Mais mardi évidemment, c’est « Pékin Express ». Je vais passer l’émission à trembler pour les candidats qui ne sont pas Harold et Yasmine, en espérant que ce soit vraiment les belges qui abandonnent sur blessure. Ce qui m’amène à m’interroger sur un point du règlement, s’ils laissent tomber même pour cause de mort imminente, sont-ils considérés comme les derniers de l’étape ou les candidats arrivés en queue de peloton sont-ils éliminés et la dernière équipe éliminée avant eux rejoint-elle l’émission ?

Mercredi
« La nouvelle star » est avancée d’un jour et j’ai déjà abordé abondamment hier mon culte pour le nouveau jury. En plus, ce soir, le casting se déroule entre autre à Toulouse.
Du côté des « maçons » à 22h25 que des inédits ou presque, on commence par LES (au pluriel) familleS Léomiti et Higgins. Légitimement, le téléspectateur fidèle s’interroge sur ce pluriel intriguant.
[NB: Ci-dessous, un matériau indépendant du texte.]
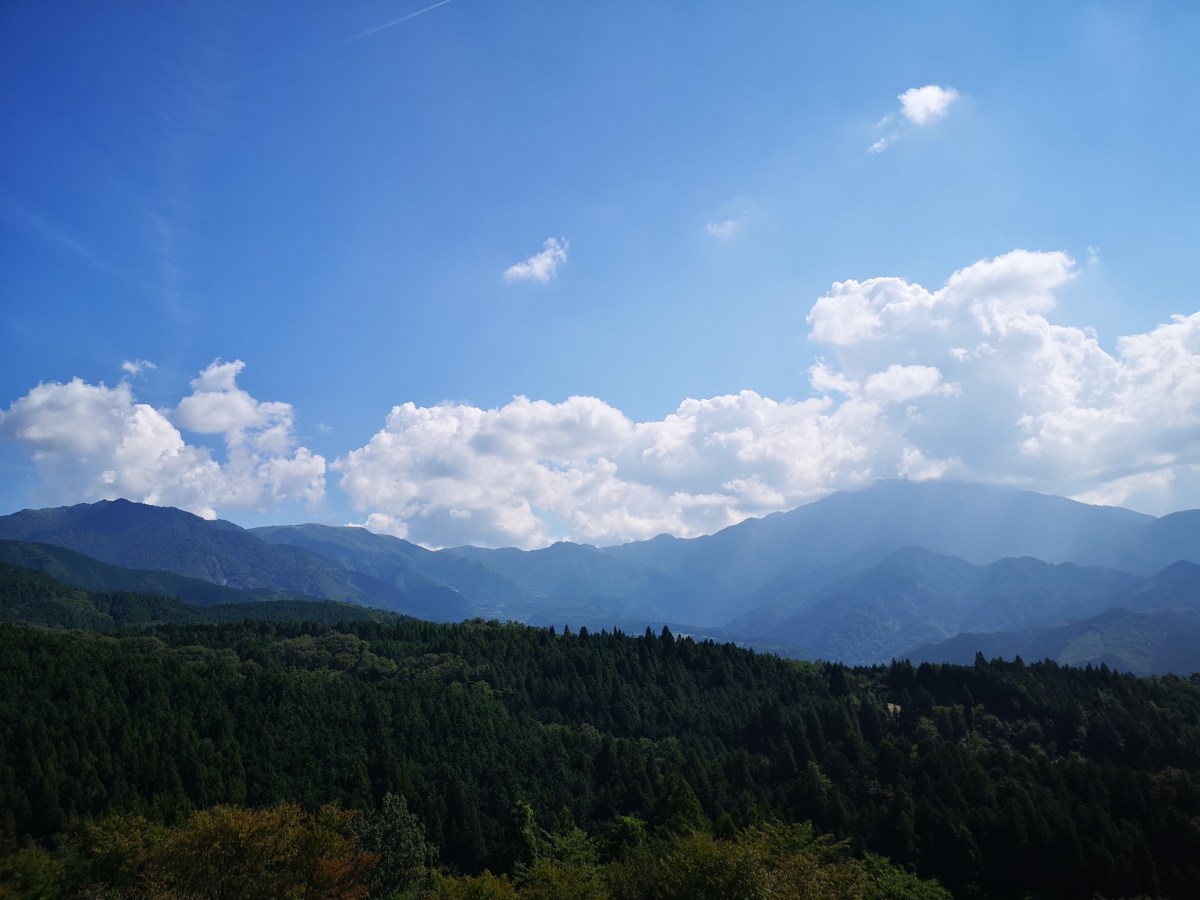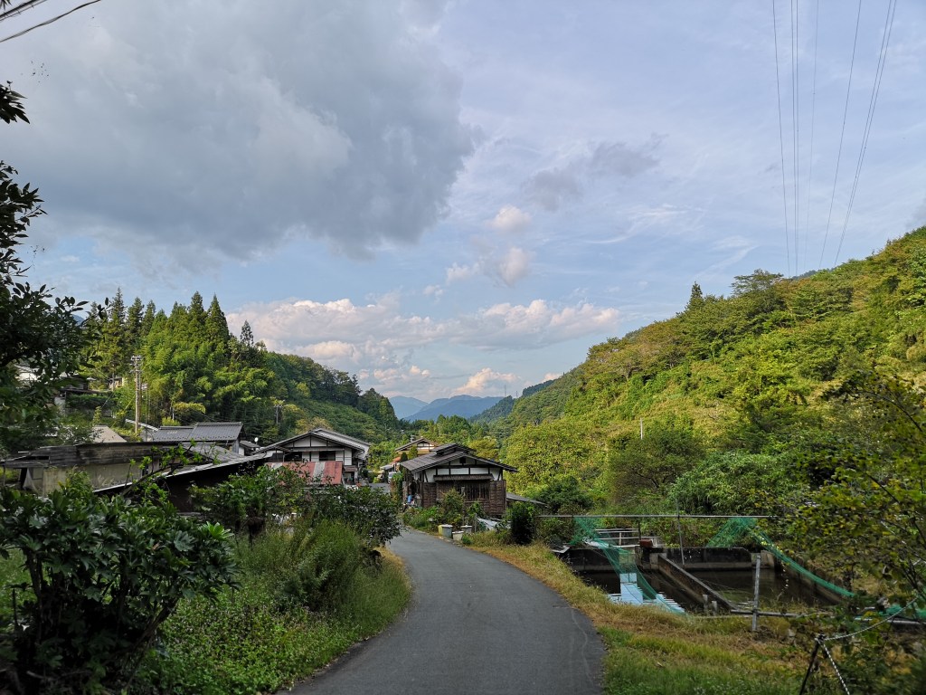 Just past the restaurant was the old bulletin board where travelers could leave messages for one another, a kind of ancient social media system. A little further was a lookout point, where I could gaze at Mt Ena (2191m), a hundred-famous mountain of Japan, climbed a few years ago. Next, I had to make a small detour around somebody’s garden to reach the official start of the hiking trail. After walking down some steps, I crossed the modern road connecting the two post towns, walked down some more steps, and then followed a dirt path next to a stream. I had to be careful not to step on the small green-coloured frog taking a break in the middle of the trail. I crossed the road again, and bought some water from a shop on the left side; the early October weather was turning out to be warmer than expected. I continued along a paved road slowly rising through a sleepy village. I spotted another frog, brown this time, squatting on the trail.
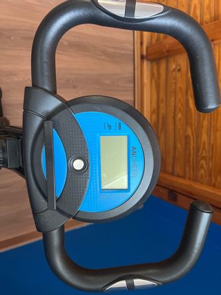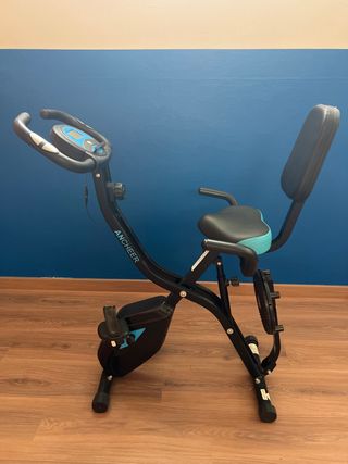 Bicicleta estática plegable de la marca ANCHEER, ideal para entrenar en casa. Su diseño permite guardarla fácilmente. - Estructura metálica resistente. - Asiento con respaldo. - Pantalla digital.
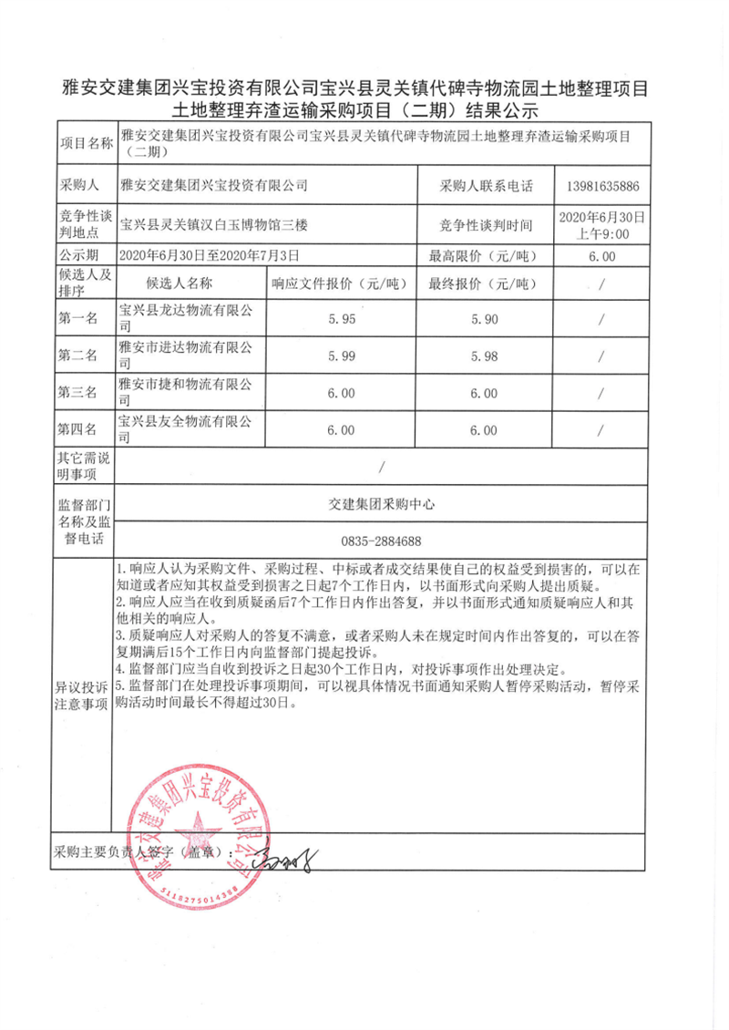 雅安交建集團(tuán)興寶投資有限公司寶興縣靈關(guān)鎮(zhèn)代碑寺物流園土地整理項目土地整理棄渣運輸采購項目(二期)結(jié)果公示

Ces deux cas traités en une émission unique sont suivis par la famille Leslie que je ne connais pas encore et par les célébrissimes Cadigan-Scott.

Jeudi
Je vais tenter de convaincre ma moitié de regarder, faute de mieux ailleurs, un rediff de « Fear Factor », que je n’ai pas vu du tout à l’époque de sa diffusion sur TF1. Je me demande si la présence de Denis « Koh Lanta » Brogniart suffira à la convaincre, j’ai comme un doute affreux…

Vendredi
Comme chaque année, à peu près à la même date, on regarde le spectacle des restos du cœur un peu par habitude et par envie aussi quand même pour voir qui sera là et pas, pour savoir qui sera mis en avant, parce que Céline Dion est là et qu’on espère qu’elle refera le coup des boules à la carac, pour se souvenir d’Elsa (RIP), pour hurler que Zazie est belle,…
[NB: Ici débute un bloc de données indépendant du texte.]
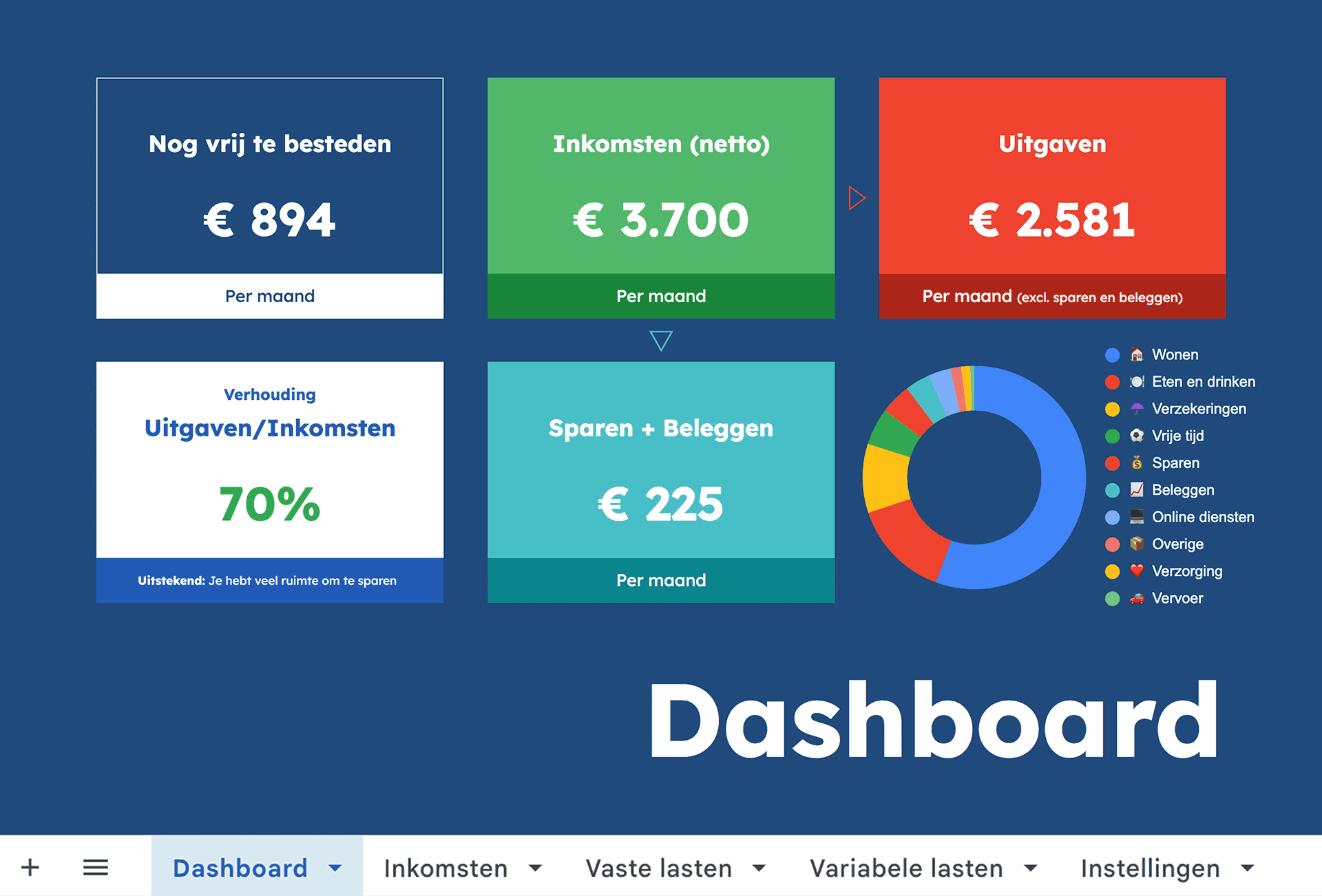 Vul je inkomsten en uitgaven in. Het dashboard, de grafieken en signalen werken direct automatisch.

Je soupçonne mes parents d’hésiter entre « Thalassa » et « Louis Page » sur direct 8, ce qui fait peur quand même.
Je pense que POC, si on la laissait libre, opterait pour le déjà culte « catch me ! si tu peux », suivi de « Next made in France, qui est finalement un peu nul parce que ce sont toujours les mêmes candidats que l’on voit.